### Exercise goal
Images are not part of the copy; write out the rest of the data exactly as given.

### Data excerpt
——————

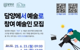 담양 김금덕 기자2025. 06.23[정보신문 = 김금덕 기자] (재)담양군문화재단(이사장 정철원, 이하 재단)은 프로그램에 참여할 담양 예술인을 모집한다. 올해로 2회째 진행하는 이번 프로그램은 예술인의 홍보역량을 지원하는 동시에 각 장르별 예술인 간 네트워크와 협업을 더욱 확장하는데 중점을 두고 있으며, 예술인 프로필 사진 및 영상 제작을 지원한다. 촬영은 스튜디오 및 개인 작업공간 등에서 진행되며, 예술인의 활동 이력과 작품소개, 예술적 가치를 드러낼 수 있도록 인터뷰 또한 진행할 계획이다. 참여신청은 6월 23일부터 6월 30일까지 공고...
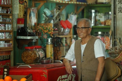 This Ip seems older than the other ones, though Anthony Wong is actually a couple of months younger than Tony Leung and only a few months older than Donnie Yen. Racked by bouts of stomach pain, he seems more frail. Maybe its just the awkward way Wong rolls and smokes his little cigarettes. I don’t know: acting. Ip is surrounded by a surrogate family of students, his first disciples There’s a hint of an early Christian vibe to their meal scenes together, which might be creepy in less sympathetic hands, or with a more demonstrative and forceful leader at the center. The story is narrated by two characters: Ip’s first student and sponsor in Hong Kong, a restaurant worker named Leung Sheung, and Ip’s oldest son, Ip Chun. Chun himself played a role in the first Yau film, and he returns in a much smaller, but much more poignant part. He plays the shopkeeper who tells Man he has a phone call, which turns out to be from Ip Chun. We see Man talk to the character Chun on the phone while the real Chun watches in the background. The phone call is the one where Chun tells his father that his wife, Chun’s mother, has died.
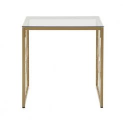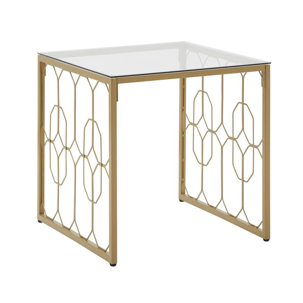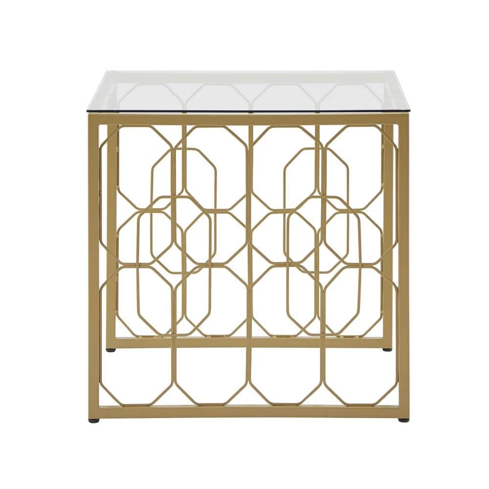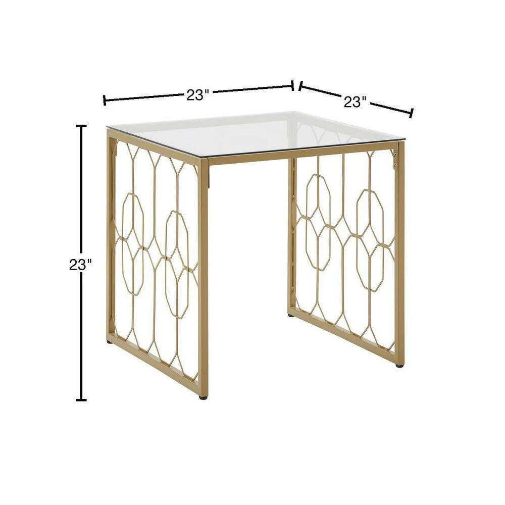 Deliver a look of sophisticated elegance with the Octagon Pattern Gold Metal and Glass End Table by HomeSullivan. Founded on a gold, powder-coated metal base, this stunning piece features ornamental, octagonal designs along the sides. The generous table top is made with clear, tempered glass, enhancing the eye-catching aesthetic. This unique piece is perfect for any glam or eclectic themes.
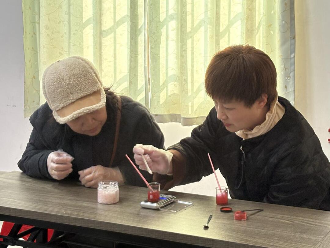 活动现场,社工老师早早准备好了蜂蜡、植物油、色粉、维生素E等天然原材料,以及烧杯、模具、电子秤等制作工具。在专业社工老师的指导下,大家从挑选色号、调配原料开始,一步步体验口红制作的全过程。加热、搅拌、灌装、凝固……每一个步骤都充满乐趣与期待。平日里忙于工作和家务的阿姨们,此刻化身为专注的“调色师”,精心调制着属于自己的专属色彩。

——————

### Task response
 담양 김금덕 기자2025. 06.23[정보신문 = 김금덕 기자] (재)담양군문화재단(이사장 정철원, 이하 재단)은 프로그램에 참여할 담양 예술인을 모집한다. 올해로 2회째 진행하는 이번 프로그램은 예술인의 홍보역량을 지원하는 동시에 각 장르별 예술인 간 네트워크와 협업을 더욱 확장하는데 중점을 두고 있으며, 예술인 프로필 사진 및 영상 제작을 지원한다. 촬영은 스튜디오 및 개인 작업공간 등에서 진행되며, 예술인의 활동 이력과 작품소개, 예술적 가치를 드러낼 수 있도록 인터뷰 또한 진행할 계획이다. 참여신청은 6월 23일부터 6월 30일까지 공고...
 This Ip seems older than the other ones, though Anthony Wong is actually a couple of months younger than Tony Leung and only a few months older than Donnie Yen. Racked by bouts of stomach pain, he seems more frail. Maybe its just the awkward way Wong rolls and smokes his little cigarettes. I don’t know: acting. Ip is surrounded by a surrogate family of students, his first disciples There’s a hint of an early Christian vibe to their meal scenes together, which might be creepy in less sympathetic hands, or with a more demonstrative and forceful leader at the center. The story is narrated by two characters: Ip’s first student and sponsor in Hong Kong, a restaurant worker named Leung Sheung, and Ip’s oldest son, Ip Chun. Chun himself played a role in the first Yau film, and he returns in a much smaller, but much more poignant part. He plays the shopkeeper who tells Man he has a phone call, which turns out to be from Ip Chun. We see Man talk to the character Chun on the phone while the real Chun watches in the background. The phone call is the one where Chun tells his father that his wife, Chun’s mother, has died.
 Deliver a look of sophisticated elegance with the Octagon Pattern Gold Metal and Glass End Table by HomeSullivan. Founded on a gold, powder-coated metal base, this stunning piece features ornamental, octagonal designs along the sides. The generous table top is made with clear, tempered glass, enhancing the eye-catching aesthetic. This unique piece is perfect for any glam or eclectic themes.
 活动现场,社工老师早早准备好了蜂蜡、植物油、色粉、维生素E等天然原材料,以及烧杯、模具、电子秤等制作工具。在专业社工老师的指导下,大家从挑选色号、调配原料开始,一步步体验口红制作的全过程。加热、搅拌、灌装、凝固……每一个步骤都充满乐趣与期待。平日里忙于工作和家务的阿姨们,此刻化身为专注的“调色师”,精心调制着属于自己的专属色彩。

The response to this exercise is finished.